Abstract:
Cerebral palsy is a well-recognised neurodevelopmental condition beginning in
early childhood and persisting throughout the lifespan of the affected individual.
Neuromuscular disorders and musculoskeletal deformities result in gait abnormalities for
children with cerebral palsy. Equinus gait, characterised by excess plantarflexion, is one
of the most common abnormal gait patterns and receives much attention from surgeons
and therapists. Three-dimensional gait analysis plays an essential role in cerebral palsy
management. However, the conventional optoelectronic three-dimensional gait analysis
system is expensive and not user-friendly to individuals without the necessary expertise,
hampering its application in clinical practice. In addition, in-depth knowledge regarding
ankle muscle activation and force generation ability during ambulation can help clinical
practitioners develop suitable treatment strategies for children with cerebral palsy and
equinus gait. Therefore, the first aim of this thesis was to determine the validity and
reliability of gait parameters assessed by Kinect-based markerless gait analysis systems
for children with cerebral palsy. The second aim of this thesis was to determine the effect
of involving more personalised musculoskeletal information on ankle muscle force
prediction for children with cerebral palsy and equinus gait.

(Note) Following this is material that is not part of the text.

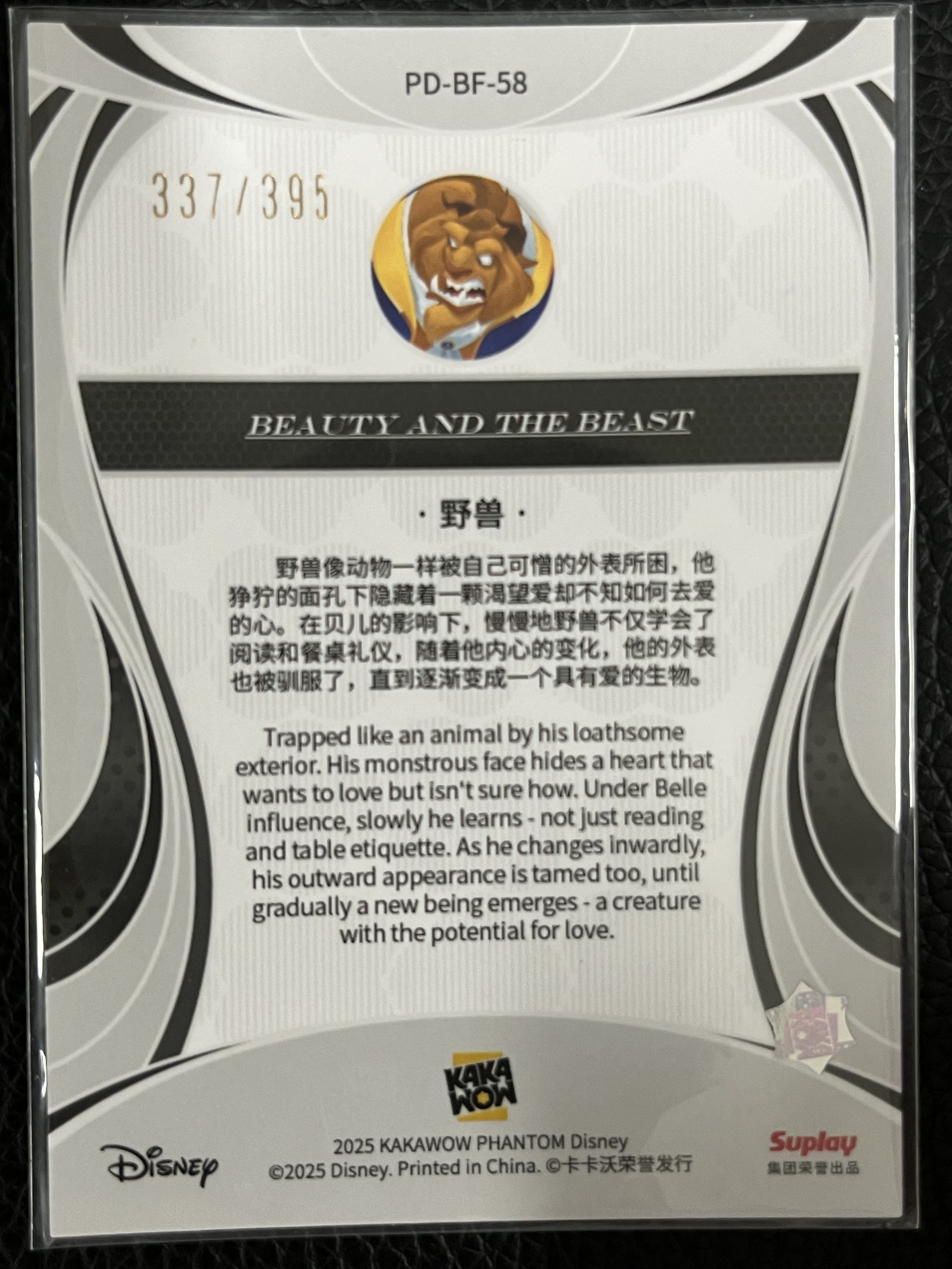 卡卡沃 2025 KAKAWOW PHANTOM 迪士尼系列收藏卡 基础卡-四叶草折 雯H(13A)337/395编 卡号58 野兽 The Beast

The work undertaken in this thesis includes five experimental studies. The first three
studies determined the validity, and the reliability, of cost-effective markerless threedimensional
gait analysis systems based on Kinect sensors when evaluating crucial gait
parameters for children with cerebral palsy. The last two studies investigated the effect
of involving pre-calculated joint angles for musculoskeletal model scaling, and applying
image-based musculoskeletal models on ankle muscle force prediction, for children with
cerebral palsy and equinus gait.
The results of the first two studies revealed that the single Kinect V2-based threedimensional
gait analysis system was unable to provide accurate joint kinematic
estimations. Its validity could be improved by implementing calibration algorithms,
including the linear regression-based method and the long short-term memory recurrent
neural network-based approach. Also, some hip and knee sagittal kinematic variables
(e.g., maximal/minimal hip flexion/extension angles and maximal knee flexion/extension
angles) demonstrated good inter-day reliability. Most of the selected gait spatiotemporal variables (e.g., step length/width/time, stride length/time, gait speed) captured by the
single Kinect V2-based gait analysis system were accurate and reliable. Furthermore, this
system could accurately assess the minimal margin of stability, an essential indicator of
fall risk in previous studies. Although the single Kinect V2-based gait analysis system
could not provide subtle gait metric evaluations, it still had the potential to be utilised as
a portable alternative for some coarse analyses (e.g., gait classification and screening),
assess gait stability and monitor gait progressions. In the third study, a dual Azure Kinect
gait analysis system was developed based on the point cloud registration algorithm to
provide full-scene motion capture. The results demonstrated that the dual Azure Kinect
system could still not offer an accurate kinematic assessment.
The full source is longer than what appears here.